Last weekend I had the opportunity to cheer on a few of my friends as they completed a full marathon in Charlottetown, PEI. All summer long I was able to follow along as they poured their heart and soul into preparing for the race of their lives. Diligently practicing and maintaining themselves to train whenever possible and sacrificing various personal engagements so that they could catch their dream. It was an honor to cheer them on as they crossed the finish line after running 42.5 kilometers on a bright and crisp October morning. I now appreciate the effort and sacrifice that goes into an achievement like that, you don’t just wake up one day and run a marathon.
As I waited for their arrival to the finish line I got to witness many other personal feats and bests that came whizzing by to their final destination. As each participant passed with sweat pouring from their faces and a look of shear determination to complete, I was astonished by the stories that were unfolding. I saw many older (than me) people finish half and full marathons, I saw mothers and daughters hold hands crossing the finish line, I saw parents running with their young kids down that last stretch and I saw a man slow down so that his friend could catch up as they embraced arm over shoulder to cross the finish line together. As each amazing person passed by I became ever more increasingly inspired. It easily was the most inspirational day I have experienced in a very long time!
But there was a time when I wasn’t always so receptive to being inspired.

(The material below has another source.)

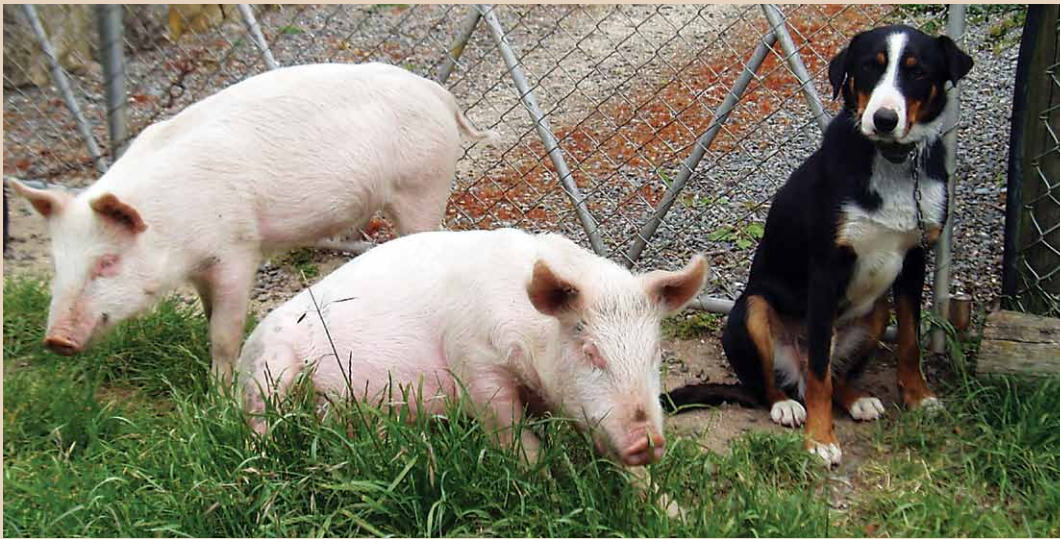
This is not a real pig dog.

A bandage that can be used as a tourniquet is an essential part of kit for anyone in the bush....one saved a possum hunting friend of mine years ago having suffered a deep gash.....so it's not just our canine mates that bandages can do wonders for.

I am not proud of this, but I am human. I live, I learn and I share. Sometimes, I share things that are messy. But this is life. Life isn’t always pretty like Facebook makes it out to be! There was once a time when I would have not been inspired by all of these amazing people. In fact, I would have felt resentful, maybe even jealous of what these great athletes had accomplished. I wouldn’t have been grateful for their perseverance and preparation and I would be of the mindset that they are only doing this to show off. “They are just trying to better me!” would be something I would have thought… yes I was once that person.
It wasn’t until I dug deep into my thinking and realized that all forms of jealousy and resentment are really instances of incorrectly identified inspiration. In the past when I felt resentful of someone else’s accomplishment, all along I was really being inspired! The missing piece to being inspired was gratitude. Without gratitude, I wasn’t able to grasp what inspiration truly was and my outlook on life was miserable.
Gratitude and inspiration go hand in hand, if you are missing either of them, then you are only left with one part of the equation to happiness. The next time you are sad, depressed or genuinely unhappy with the state of your life, check your gratitude and inspiration levels. I am quite certain that you will find you are low in one or both. Get inspired and be grateful for the moment that you have been offered!
Congratulations Sabrina, Billy, Sean and Barbara Ann!